Powdered Food Composition Production Method
[0187] The present application further provides a method for producing a powdered food composition.
[0188] The powdered food composition production method includes, after steps (A) and (B), [0189] (C) drying the liquid obtained in the pH adjustment step (B), [0190] and thereby, a pH-adjusted powdered food composition containing equol can be produced.
Step (C)
[0191] In step (C), the liquid produced in the pH adjustment step (B) is dried.
[0192] The drying step (C) may be carried out by a typically known method. Examples thereof include, but are not limited to, a heated drying process, a spray drying process, a freeze drying process, fluidized bed drying, and fluidized layer drying.
[0193] The heated drying process can be carried out using, for example, a rotary drum dryer, the spray drying process can be carried out using, for example, a spray dryer, and the freeze drying process can be carried out using a freeze dryer. The drying method may use any dryer as long as the dryer can dry the liquid.
[0194] The product obtained through a drying process may be subjected to a grinding process as necessary.
[0195] The method according to an embodiment of the present invention may include steps in addition to the above steps (A), (B) and (C) described above.
[0196] For example, after step (B) and before step (C), the method may include a step of heating the pH-adjusted liquid produced in step (B), and a centrifugation step and/or a filtration step for removing an unnecessary solid from the obtained liquid after the heating step.
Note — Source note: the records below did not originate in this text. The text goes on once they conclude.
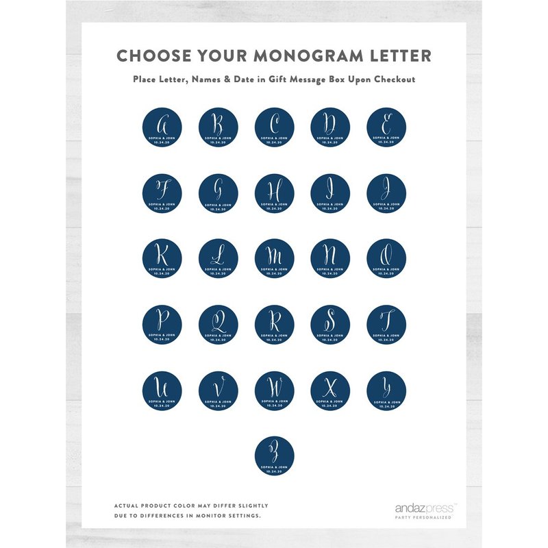- PLACE MONOGRAM LETTER, BRIDE & GROOM NAMES, AND WEDDING DATE in gift message box upon checkout.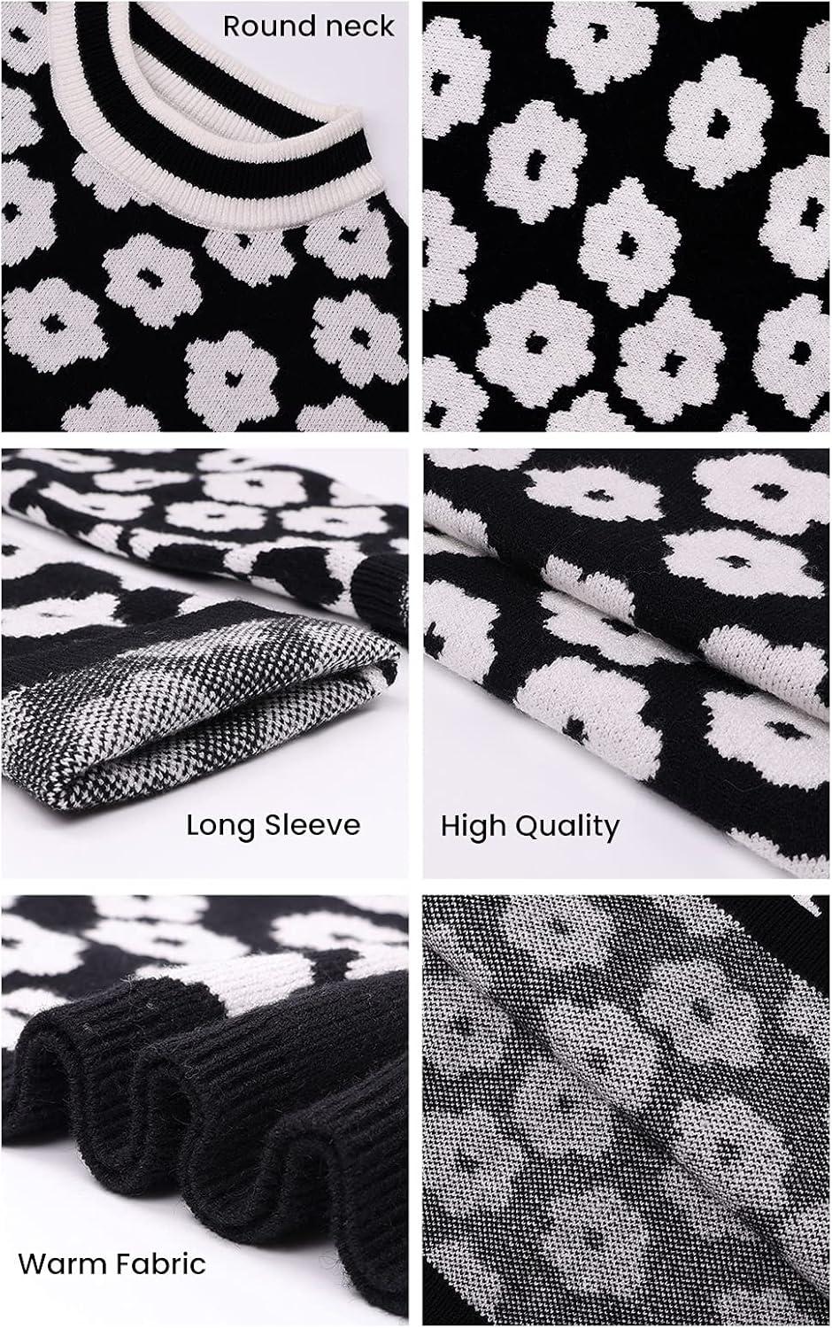 PRETTYGARDEN Women’s Knit Floral Print Sweater Crewneck Long Sleeve Lightweight Pullover Sweatshirt(Grey)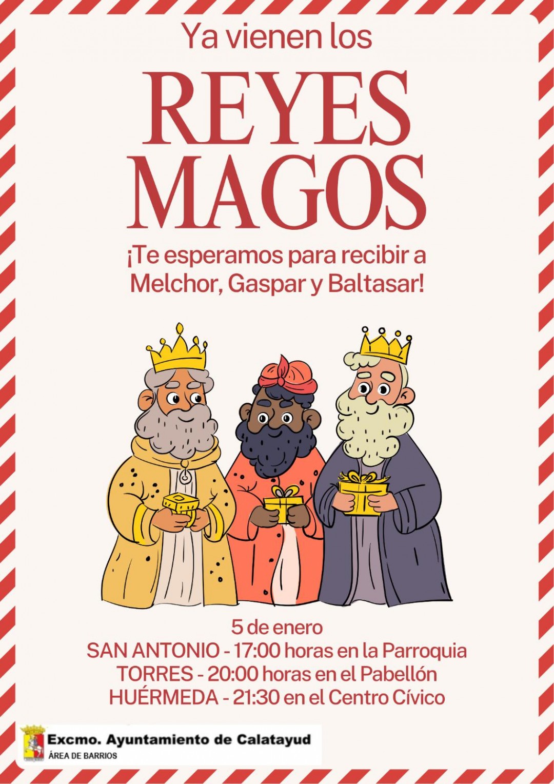 Melchor Gaspar y Baltasar pasarán antes por los barrios de San Antonio, a las 17.00 horas, y estarán en su parroquia. Al pabellón de Torres llegarán a las 20.00 horas, y a las 21.30 les esperarán también en el Centro Cívico de Huérmeda.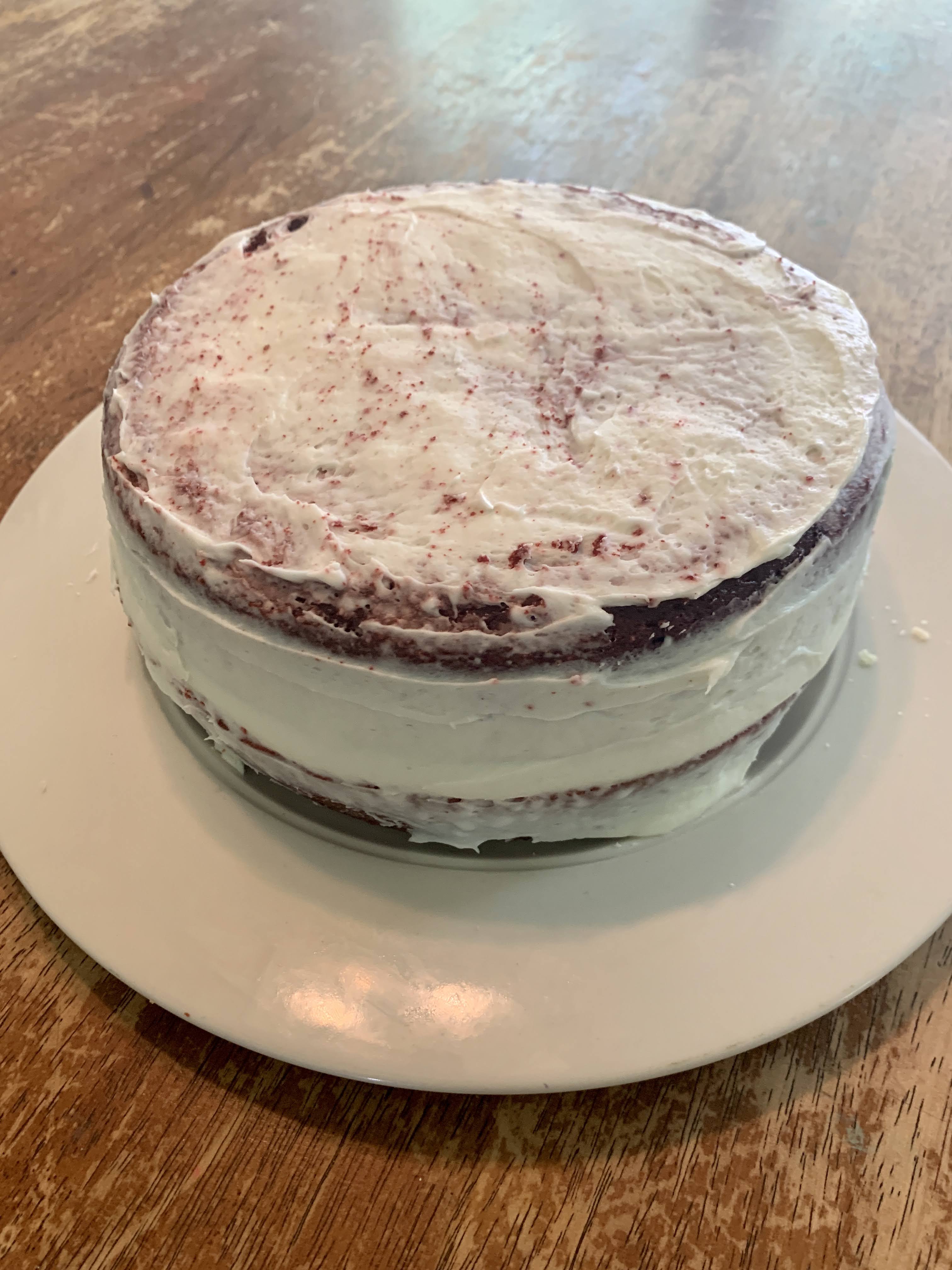 Red Velvet cake (from a box because I just don’t want to mess with that much red food coloring), cream cheese frosting filling and American buttercream because I just wasn’t up to dealing with another failed batch of Swiss Meringue buttercream. The ombre effect didn’t work the way that I wanted, but birthday girl was thrilled. My little sous chef squad did a great job with the stars.

Note that in step (B), when the pH is adjusted to the alkaline range, and in particular, when the pH is adjusted to from 10 to 11, the centrifugation step need not be included, which is preferable in terms of reducing the number of steps.
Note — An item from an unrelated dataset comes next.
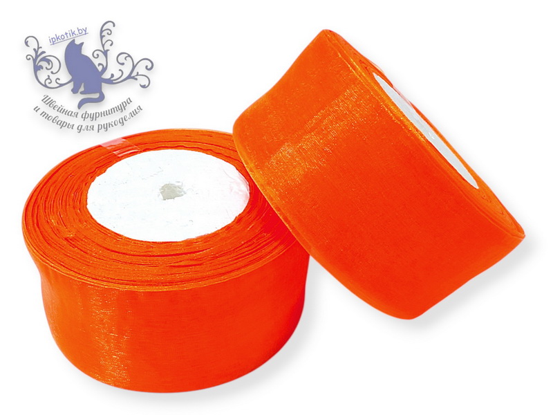 Назад 22 Лента Органза 50мм БОБИНА 45,7м/боб (+-1м) Ярко-оранжевый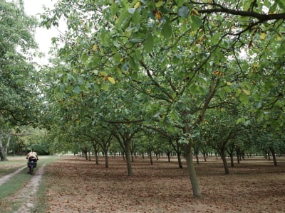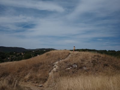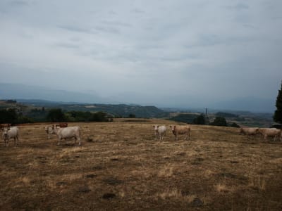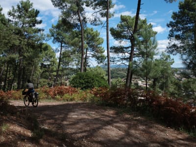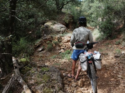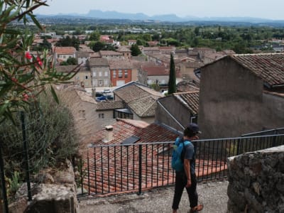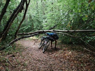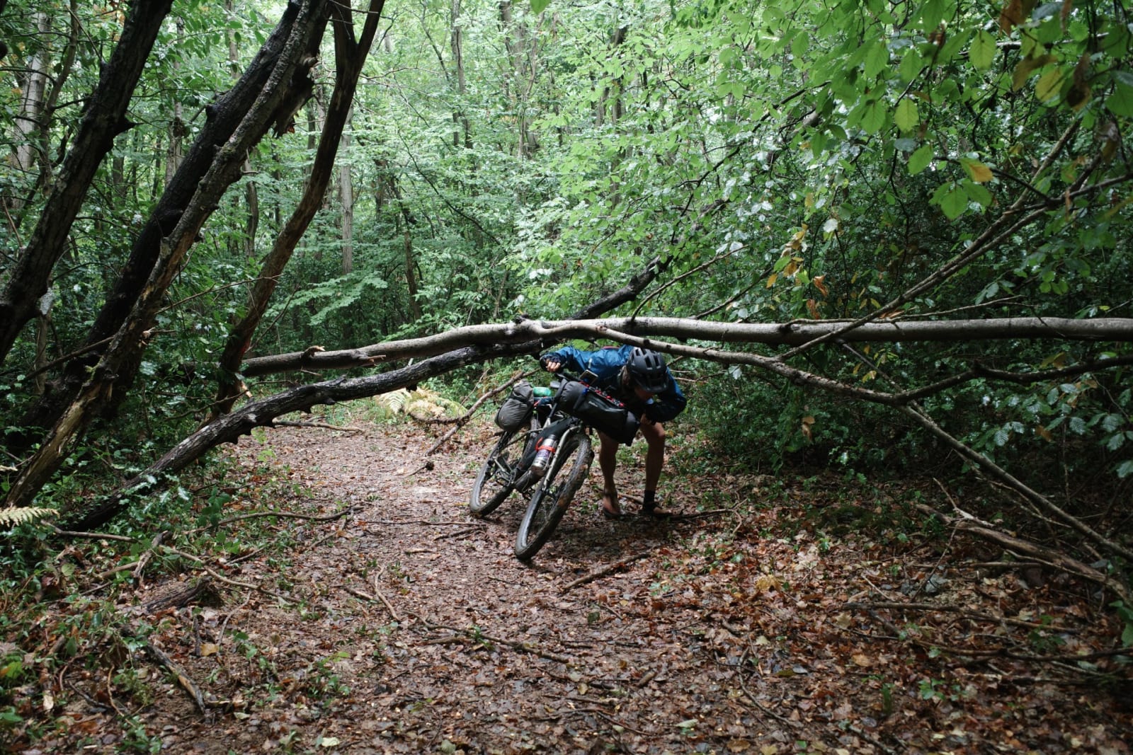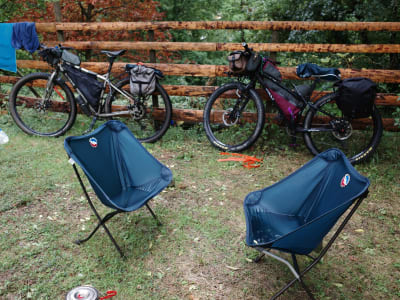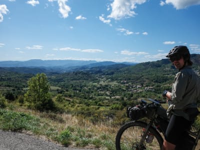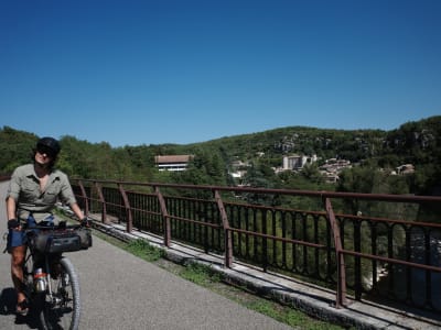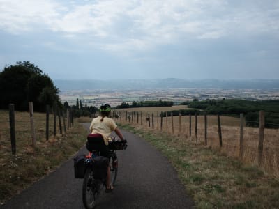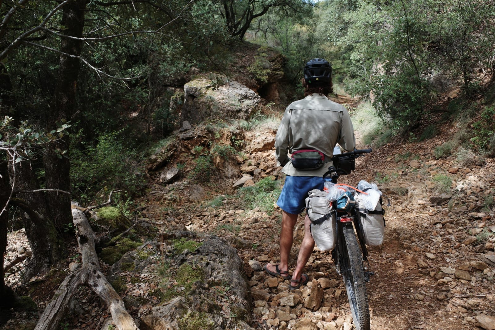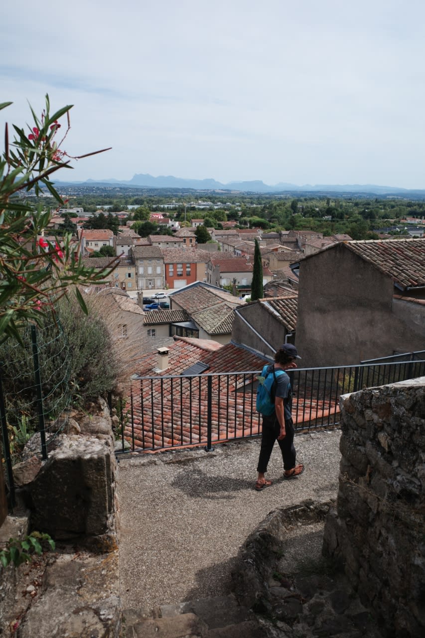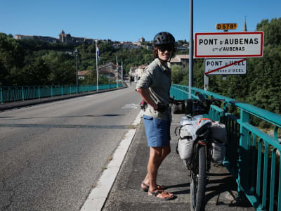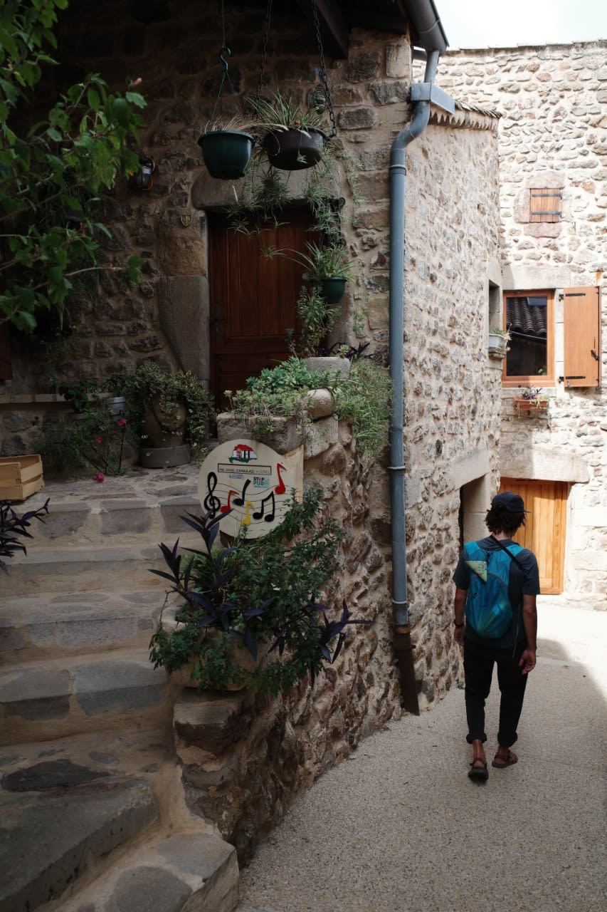 It was hard leaving Camping Robert and its private beach at Lake Paladru, but we did and continued riding west. The Isère region was full of excellent riding, full of little pilgrimage and GR trails. We quickly reached Valence - gateway to the Ardèche region - where we had our first warmshowers host! Warmshowers is a community of cyclists that offer each other just that: a warm shower and a bed or place to camp. Perfect for bigger cities like Valence that don’t have any campsites. It’s also free! Funnily enough, our host wasn’t home so we didn’t get the full-on social experience, but at least we had a place to pitch our tent. After a mix-up with the address, we finally arrived at the right house, rinsed off with a very cold garden hose shower, and enjoyed the garden all to ourselves — tucked away from the buzz of the city.

[0197] When a centrifugation step and/or a filtration step for removing an unnecessary solid content is included, a clear liquid is produced, and thus a liquid food composition suitable for serving as a beverage or the like is produced.
Food Composition
[0198] The present application provides a food composition containing equol, the food composition being a liquid food composition having an adjusted pH or a dried product thereof.
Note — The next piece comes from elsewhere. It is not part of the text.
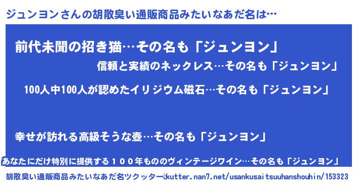 | ヘコむあだ名 | 『ジュンヨン(笑)』『ジュっぺ』 |

[0199] The food composition according to an embodiment of the present invention can also be produced by the method described above, but is not limited thereto.
Liquid Food Composition
[0200] When in the acidic range, the liquid food composition has a pH of from 3 to 5, and preferably from 3 to 4.
[0201] In addition, when the liquid food composition is in the alkaline range, the pH thereof is from 7 to 11, and preferably from 10 to 11.
Dried Product of Liquid Food Composition
[0202] The present application also provides a dried product of the pH-adjusted liquid food composition containing equol.
[0203] In the dried product, the pH is defined as follows.
[0204] That is, when 50 g of the dried product is dissolved or suspended in 1 L of water, the pH is in the above-mentioned range, that is, when in the acidic range, the pH is from 3 to 5 and is preferably from 3 to 4, or when in the alkaline range, the pH is from 7 to 11 and is preferably from 10 to 11.
[0205] To measure the pH, a glass diaphragm electrode can be suitably used, but a simple method such as a pH test paper can also be used.
[0206] When the pH of the food composition according to an embodiment of the present invention is adjusted to the acidic range, the pH is preferably adjusted with one acid selected from the group consisting of organic acids and inorganic acids.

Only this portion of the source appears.